A string, either single or multi, indicating whether a single-site or multi-site analysis should be executed

anomaly_or_exploratory

string || defaults to exploratory

A string, either anomaly or exploratory, indicating what type of results should be produced.

Exploratory analyses give a high level summary of the data to examine the fact representation within the cohort. Anomaly detection analyses are specialized to identify outliers within the cohort.

time

boolean || defaults to FALSE

A boolean to indicate whether to execute a longitudinal analysis

time_span

vector - length 2 || defaults to c('2012-01-01', '2020-01-01')

A vector indicating the lower and upper bounds of the time series for longitudinal analyses

time_period

string || defaults to year

A string indicating the distance between dates within the specified time_span. Defaults to year, but other time periods such as month or week are also acceptable

p_value

numeric || defaults to 0.9

The p value to be used as a threshold in the Multi-Site, Anomaly Detection, Cross-Sectional analysis

age_groups

tabular input || defaults to NULL

If you would like to stratify the results by age group, create a table or CSV file with the following columns and use it as input to this parameter:

  • min_age | integer | the minimum age for the group (i.e. 10)

  • max_age | integer | the maximum age for the group (i.e. 20)

  • group | character | a string label for the group (i.e. 10-20, Young Adult, etc.)
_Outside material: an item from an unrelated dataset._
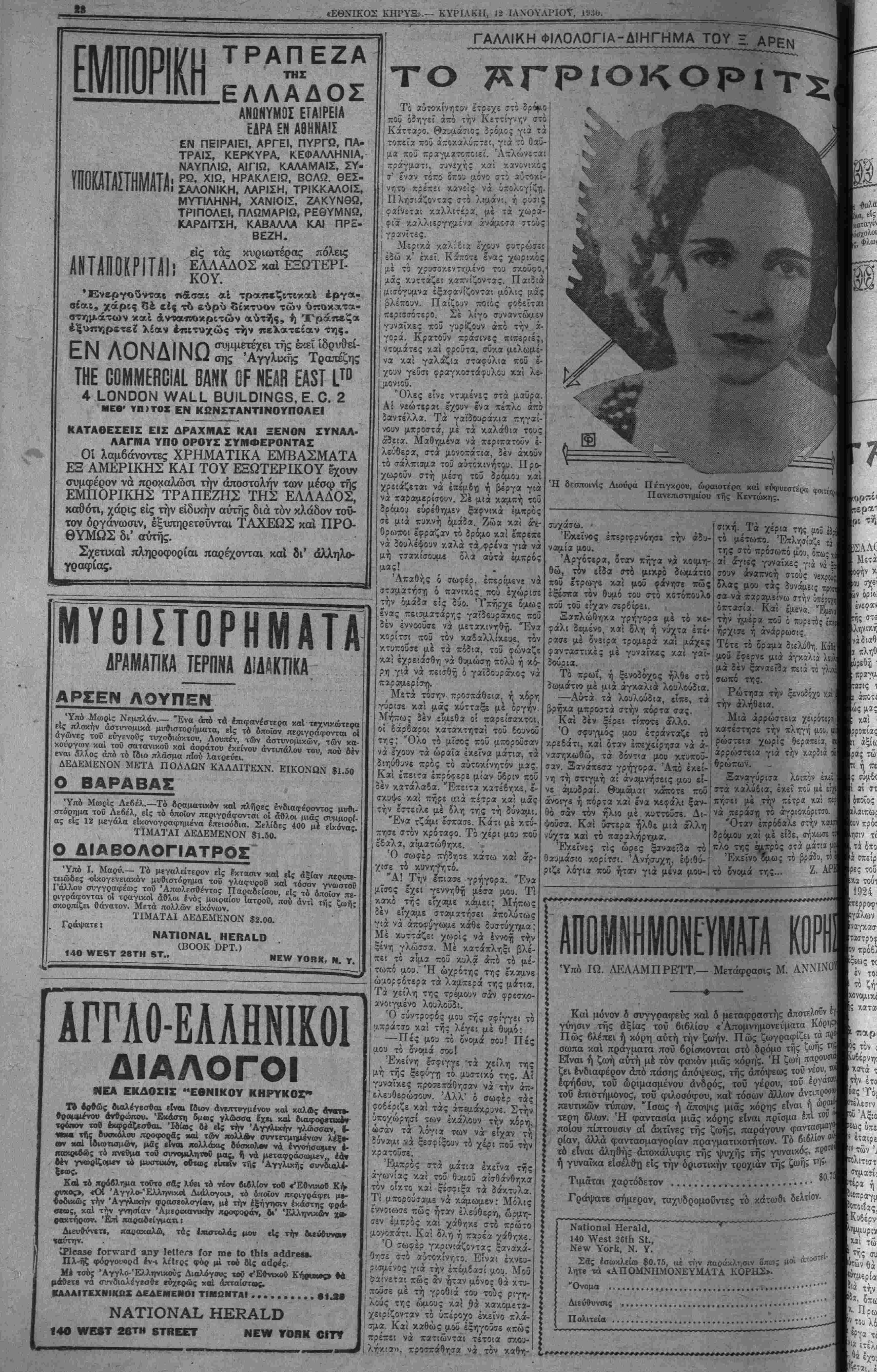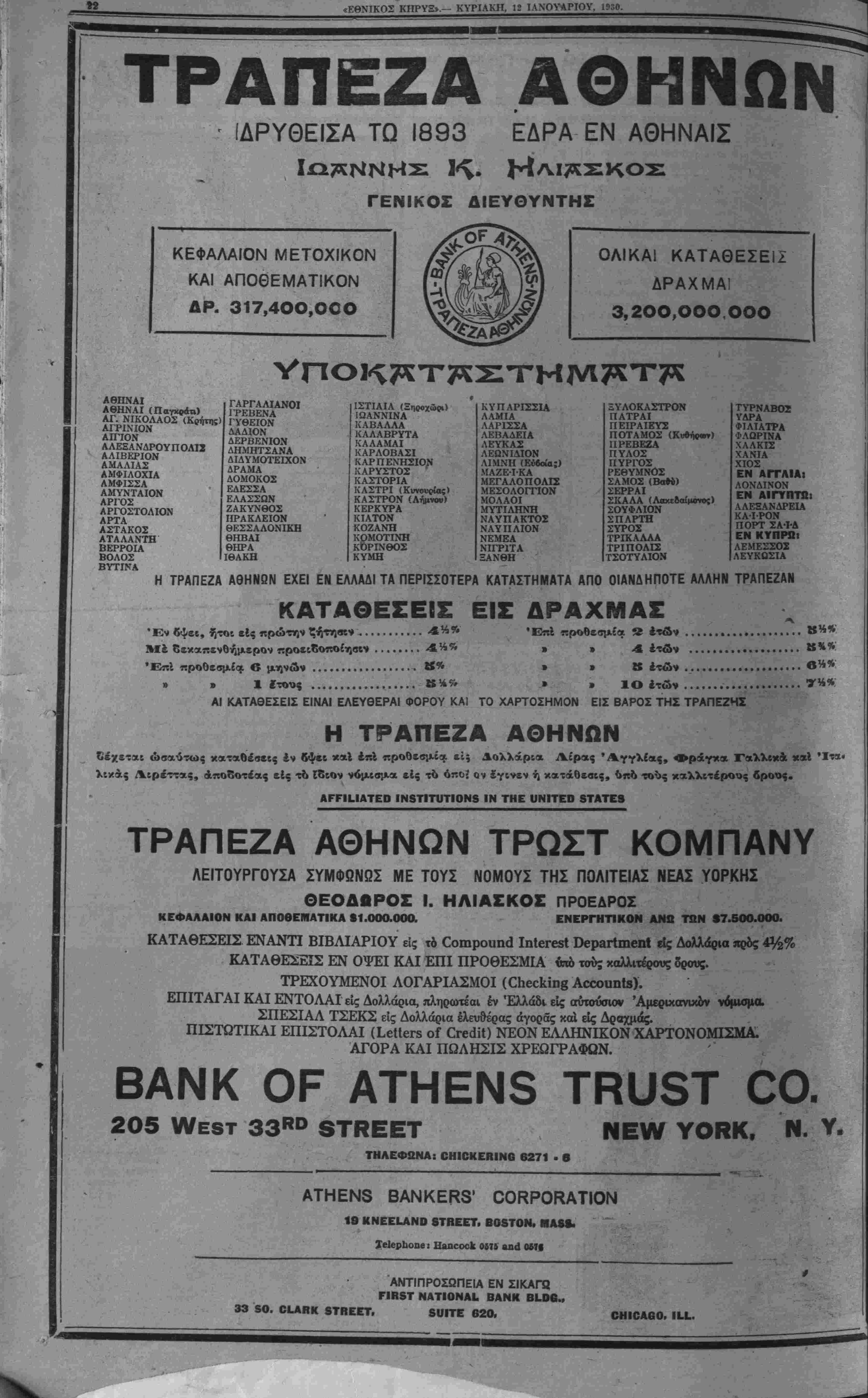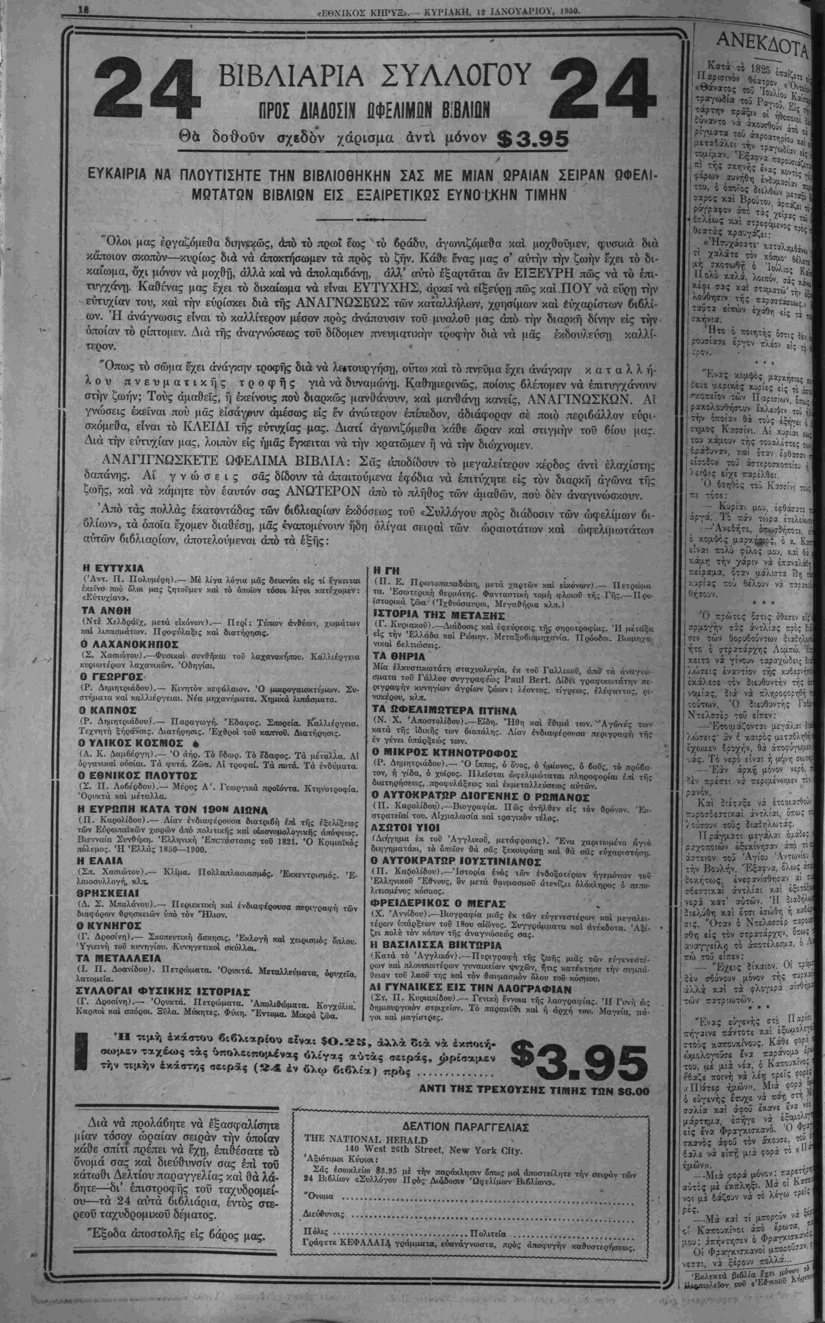 τ<*» σος. Δέν κηλιδώνει την χκραλήν 1 τα ροδ-.α. Μεγάλη ψιάλη 1.00 δολλ. μέ την άγγιλΐαν ταύτη». ΟΕΝΕΠΑΙ. ΡΒ00ΙΙ0Τ5 ίΑΒΟΗΑΤΟΗΙΕ5, Ν. Η. 703 — 5ι1ι δι-, Ν. ν/. ν35ΐιίη§ΐοη, ϋ. Ο. 'ΕπΜΓτρέ?εται ΐ(; την 'ΕλλάΟα ντε Αμερικανικόν θ«ραικντήο«·)ν Κ. ΛΙΝΑΡΔΟΥ Μό; Σανκοάτοΐίς &οι». II Άθήν* ΰ ασφαλώς χαΐ άναιον- ά λ Ευμ νχκτημβτα. Μέθοδθΐ νε-^τάτι». ΦΥΟΤΡΙΧΟΝ ΤΟ ΜΟΝΟΝ ΦΑΡΜΑΚΟΝ ΠΑ ΤΑ ΙΗΑΛΛΙΑ ΣΑΣ Κατά την βοτανι- κήν είναι «ΚΑΘΕ ΡΙΖΑ διά ΚΛΘΕ ΠΑΘΗΣΙΝ» έ- τομένως τό ΦΥ- ΤΡΙΧΟΝ τό ό- παράγεται ρους είναι τό μό¬ νον άντίδοτον διά άπό ρίζας καί βπό τα μαλλιά σας. Κβ8· ϋ.δ.Ρβι. ΟΗ.'Εξαλείφει την Ν. Ο. ΡΑΒΑΚΟ5 πι,ιυρίόα, σταμα- 'ΕνΕυβέτης χαΐ τή χήν φαγούραν καιοσχΐυαατής. χ<χΐ τρΐχόπχωβΐν 136 νν*. 42ηα δΐ,καί θεραπεΰει ά Νβ— Υογ^ ΟΚν. λανθάστως έκξέ- ΜβιΙ&ΙΙϊοη 3814 ματα και τρΐχο- φάγον, δέν περιέ- χει Ο1ΝΟΠΝΕΥΜΑ ή άλλας χη- ιαχάς, η λιπώδεις θυσίας, διατη- ρεί τό κχένισιια όλην την ημέραν χαί έπαναφέρει τό φυσιχόν χρώμα Ηΐς τα μαλλιά σας. Άξίζει μί/ δο- κιμή διά νά πεισθήτε. Γράψατε την κατάστασιν σας διά νό^ ταρασχενά- οω τό φάρμακον αναλόγως. Πω- λεϊται είς 8 καί 16 ούγγιών φιά- λας, πρός $2.00 καί $4.00. Στέλ- Αεται παντοϋ προπληοωτέον ή & Ο. Ώ. Έν αηϊ-αβο, 111. πωλεϊται είς τό ΜαΓδήβΙΙ Ρΐβΐιΐ δΐθΓβ. ΑΓΓΛΙΚΗ ΣΧΟΛΗΤΒΙΟΗ Α Μόνον $5.00 μηνιαίως. Διδασκα-λία άτομική, Άγγλιστί—'ΕλληΛ-ι- στί, παρ' Άμίρικανίδος, κατόχοΰτής Έλληνικής. 'Ανοικτή οπό 10 .τ- μ. εως 10 μ. μ. % 5Β4 - 7ΤΗ ΑνΕ. (Μεταξύ 40—41ης 'ΟδΛ) ΝΕ¥Τ ΥΟΒΚ

If you would not like to stratify by age group, leave as NULL

patient_level_tbl

boolean || defaults to FALSE

A boolean indicating whether an additional table with patient level results should be output.

If TRUE, the output of this function will be a list containing both the summary and patient level output. Otherwise, this function will just output the summary dataframe

visit_types

string or vector || defaults to c('outpatient', 'inpatient')

A string or vector of visit types by which the output should be stratified. Each visit type listed in this parameter should match an associated visit type defined in the visit_type_table

domain_tbl

tabular input || required

A table that defines the fact domains to be investigated in the analysis. This input should contain:

  • domain | character | a string label for the domain being examined (i.e. prescription drugs)

  • domain_tbl | character | the CDM table where information for this domain can be found (i.e. drug_exposure)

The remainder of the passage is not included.